Join us in exploring how to effectively harness GPU technology in bioinformatics, whether

you're a researcher looking to accelerate your bioinformatics software or an administrator

optimising your HPC infrastructure, there is something for you!

Organisors: Andrew Lonsdale, Sarah Beecroft, Johan Gustafsson

Primary affiliations:  Peter MacCallum Cancer Centre, Pawsey and Australian BioCommons

Single Cell Transcriptomics Data Workshop - with Seurat

Summary: This workshop offers a comprehensive introduction to the analysis of single-cell RNA sequencing (scRNA-seq) data using the Seurat R package. Participants will learn to apply key functions for quality control, including the correction of confounding factors such as batch effects and cell cycle variation. The workshop will cover techniques for  dimensionality reduction and cell annotation on a selected dataset. Emphasis will be placed on data wrangling, exploration, and informed decision-making throughout the analytical process, equipping participants with essential skills for effective single-cell data analysis.

Length: Whole day

Organisors: Adele Barugahare, Paul Harrison, Nitika Kandhari, Laura Perlaza-Jimenez

Primary affiliations: Monash Genomics and Bioinformatics Platform

Pre-requisites: 

1. Basic programming skills in R

2. Some familiarity with single cell technology

3. Background knowledge in transcriptomics

Learning outcomes: Loading data, QC filtering, normalisation, dimension reduction with PCA and UMAP, clustering, cluster markers with SingleR, differential expression.


Supported by BioCAsia

PhosR enables processing and functional analysis of phosphoproteomic data

Summary: Mass spectrometry (MS)-based phosphoproteomics has revolutionized our ability to profile phosphorylation-based signaling in cells and tissues on a global scale. Analysing phosphoproteomics data is challenging and requires specialised methodologies for inferring the action of kinases and signalling pathways in phosphoproteomic experiments. In this workshop, we will present PhosR, a popular Bioconductor R package (https://bioconductor.org/packages/PhosR/) for comprehensive analysis of phosphoproteomic data. By demonstrating PhosR on various large-scale experimental phosphoproteomic datasets, we will showcase the capabilities of PhosR in key computational tasks including data filtering, imputation, and normalisation, and downstream functional analyses such as inferring kinase activities and signalling pathways, and predicting downstream kinase-substrates. Finally, we will introduce methods implemented in PhosR for signalome construction for identifying a collection of signalling modules to summarise and visualise the interaction of kinases and their collective actions on signal transduction. Together, this workshop will demonstrate the utility and provide hands-on experience of PhosR in processing and generating biological knowledge from MS-based phosphoproteomic data.

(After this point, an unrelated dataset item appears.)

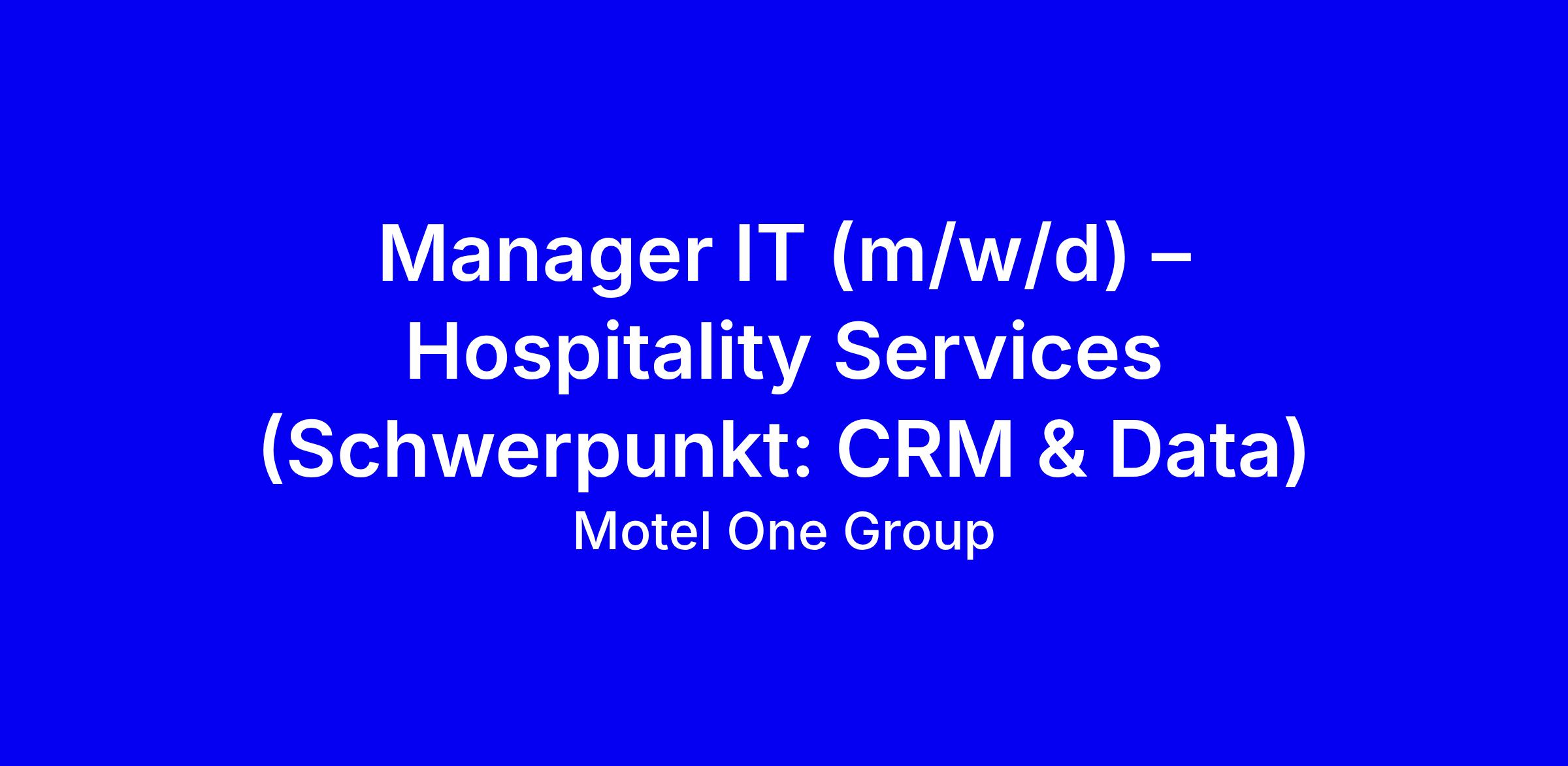 Als Manager IT (m/w/d) – Hospitality Services (Schwerpunkt: CRM & Data) verantwortest du mit unternehmerischem Denken und Hands-on-Mentalität die Umsetzung digitaler Innovationen in einer internationalen Hospitality-Plattform.

Organisors: Di Xiao*, Hani Kim, Taiyun Kim, Nolan J. Hoffman, David E James, Sean J Humphrey, Pengyi Yang
Primary affiliation: Children's Medical Research Institute

Igniting full-length isoform and mutation analysis of single-cell RNA-seq data with FLAMES

Summary: Long-read single-cell RNA-sequencing (scRNA-seq) enables accurate determination of novel isoforms in order to assess transcript heterogeneity in health and diseases. In addition, Single-nucleotide variants (SNPs) and small insertions and deletions (INDELs) can be quantified at the single-cell level to investigate cancer heterogeneity. The analysis of long-read scRNA-seq data is currently limited by the scarcity of relevant software. To fill this gap, we have developed the open-source FLAMES software, which covers all major aspects of long-read scRNA-seq data analysis from preprocessing through to differential analyses. FLAMES is fully featured and flexible R/Bioconductor package that is integrated with standard Bioconductor containers and can support data generated using different protocols, including the emerging spatial transcriptomics protocols, and across multiple samples. In addition, the software collects and reports key quality metrics, supports the use of external packages for barcode demultiplexing and isoform discovery (e.g. flexiplex, bambu) and provides additional data visualisation functions to generate publication quality figures. Our enhanced FLAMES pipeline thus provides a complete beginning-to-end workflow for isoform-level analysis of data from long-read scRNA-seq experiments and is freely available from Bioconductor ([FLAMES](https://bioconductor.org/packages/FLAMES)).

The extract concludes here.